Человек перед лицом смерти
Шрифт:
Можно было бы назвать множество других надгробий, особенно в Риме (Рим эпохи барокко поистине город небытия!) и Неаполе, где пластические формы или эпитафии противопоставляют идею небытия идее блаженного бессмертия. Иногда прямо утверждается, что мир есть ничто, и никакая надежда на спасение души, на Христа или какого-либо небесного утешителя не уравновешивает это громкое nihil. «Все сущее ничто», — гласит одна эпитафия в Сан Лоренцо Маджоре в Неаполе. Другая неаполитанская эпитафия, из церкви Сан Доменико: «Земля покрывает землю». Мы едва ли заподозрим в атеизме кардинала Антонио Бареберини, умершего в 1631 г., в разгар Контрреформации, а ведь он избрал для своего надгробия в Риме все ту же неутешительную идею: «Здесь покоятся прах, и пыль, и ничто».
У христиан XVII — начала XVIII в., несомненно исполненных веры, искушение небытием было очень сильно.

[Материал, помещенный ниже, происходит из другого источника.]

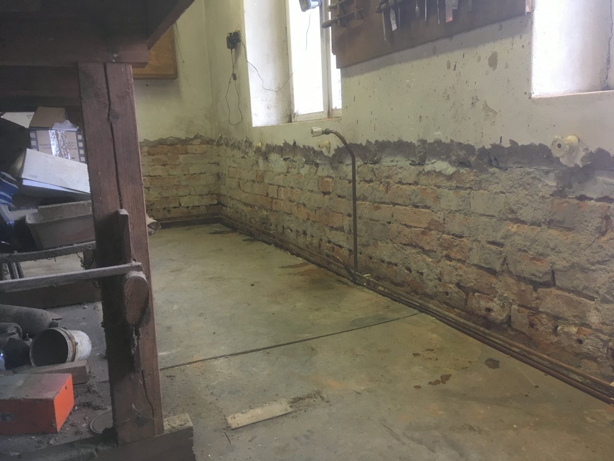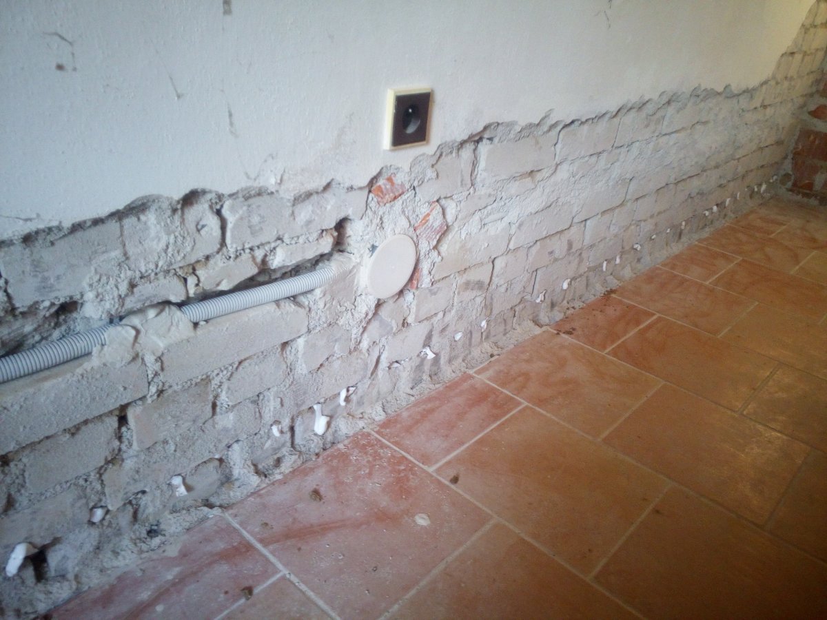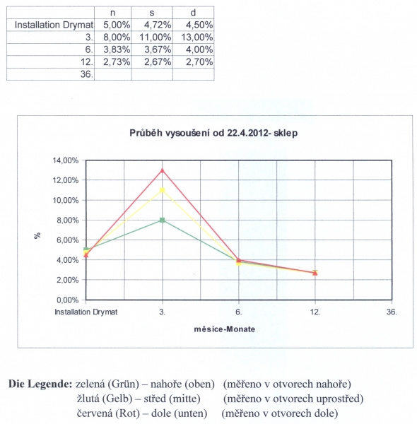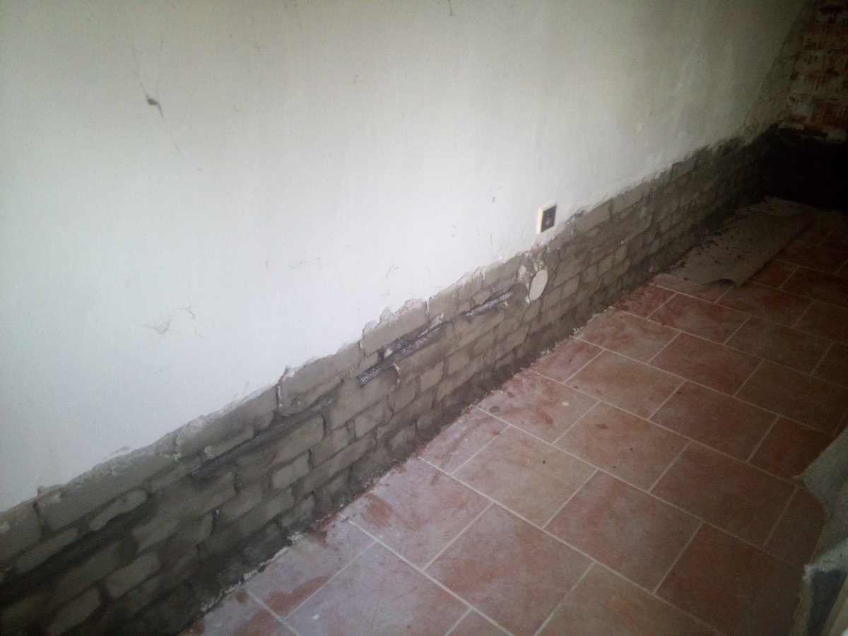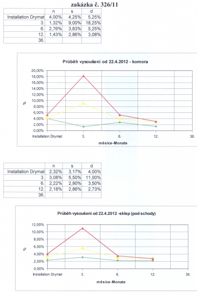 - Technologie: Dodatečná hydroizolace zdiva rodinného domu v úrovni podlah přízemí chemickou injektáží na bázi silanových krémů. Po aplikaci injektáže dochází k hydrofoboizaci zdiva a vzlínající vlhkost nemůže proniknout do zdiva nad clonou.

Именно это и произошло в XVIII в. «Ничто» еще не было тогда увидено в его абсолютной наготе (это, бесспорно, привилегия XX в.). «Ничто» смешивали с понятием природы, тем самым исправляя или смягчая идею небытия. Уже Гомбервилль в 1646 г. в «Учении о нравах» отвергает пугающие образы смерти, унаследованные от Позднего Средневековья, и сближает понятие смерти с понятием начала человеческого существования. Более века спустя кюре Жан Мелье в своем «Завещании» пишет: «Мы все вернемся в то состояние, в котором были перед тем, как быть». Примечательно, что мир зарождения человека вызывает в умах наших современников чудищ, еще более отталкивающих, чем в старинном бестиарии. Когда художники 50-х гг. нашего столетия захотят представить ужасы войны, коллективных убийств, пыток, они заменят скелеты и мумии человеческими эмбрионами — образом начала, несовершенного и уродливого.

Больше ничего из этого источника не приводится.